I’ve been having this recurring dream. I am sitting alone in a movie theater, about halfway down the theater. A movie is playing on the screen, but I can’t make out which one. I turn around and see lots of people standing and talking to each other along the side and back aisles. They are not seated; that privilege is reserved for the living. It is the dead who crowd the standing-room-only aisles, looking on at the movie and on those of us who sit.
Among the standing are those in our family who have died. I see Uncle Andy, Grandma and Grandpa, and others too. They look at me, nodding and smiling in recognition. I see them but never get out of my seat to approach them — not out of fear but out of respect for boundaries. I belong here and they belong there. But I don’t see you. I never see you, even though I have the dream again and again over the years. Are you there?
The dream reveals an element of my unconscious imagery: life as movie theater. According to this view, we begin life in the front of the screen and move to the back of the theater as we get older. The dead stand crowded in the back, looking on but never rejoining the living. In my dreams, I’m seated in the middle of the theater, a position that gives me some comfort. It’s not yet my time.
Everything seems to be going well with my life. My wife and I are living in a new condominium, spacious and clean. Our marriage is steady, if not strong. We vacation regularly and at attractive places: Bermuda, Mexico, the Caribbean. My scholarly work continues to be published, and it even receives modest praise. I am earning good teaching evaluations at the university. This fall, I will take a sabbatical, spending part of my time here and partly in Great Britain, where I plan on reading, writing and traveling.
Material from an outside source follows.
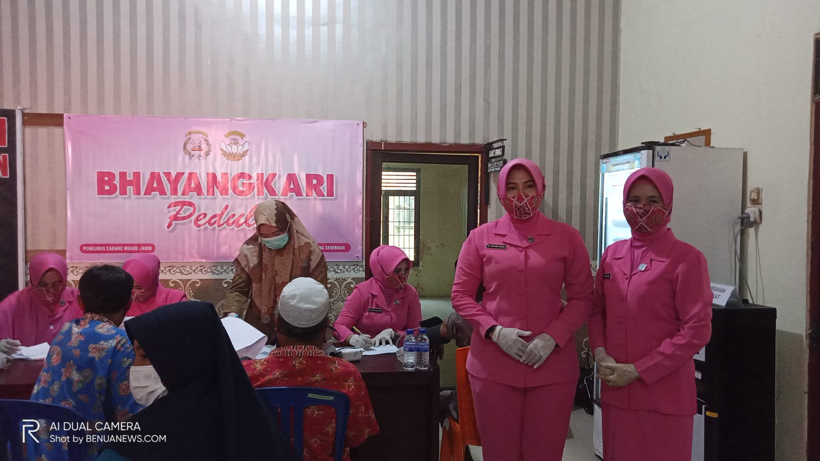 Dukung Program Pemerintah dan Polres Muaro Jambi dalam percepatan vaksin di wilayah hukum polres Muaro Jambi ibu – Ibu Bhayangkari Cabang Menggelar kegiatan Vaksin mandiri dan bakti sosial pembagian paket sembako kepada masyarakat yang mengikuti Vaksin, bertempat di Mapolsek Sekernan,Senin 27/12/21

Despite this success, the night terrors come most evenings at about 2:00 a.m. I wake up with a start — jumping out of bed, sweating profusely, heart racing. I’m disoriented. My arm is numb. I sit by the side of the bed looking out, wondering what’s going on. Am I having a heart attack? Will I die in my sleep, like they said you did? I think of that prayer I was taught as a child, that dreadful prayer:
“Now I lay me down to sleep,
I pray the Lord my soul to keep,
If I should die before I wake,
I pray the Lord my soul to take.”
My wife is asleep next to me and never knows. I dare not wake her for fear that she too will lose sleep and be concerned. What if it’s nothing? It will go away, I assure myself. So, I walk into the bathroom, sit on the toilet and wait. Wait for the fear to dissipate, for the arm to return to normal, for my disorientation to disappear. Then, I return to bed and watch the clock turn. 3:00. 3:30. 4:00. 4:30. I remember the words of a poem, “Everyone is asleep at 4:30.” But I am still awake. By 5:00 or 5:30 in the morning I fall asleep out of shear exhaustion — and awake an hour or so later. This ritual repeats itself for weeks, months.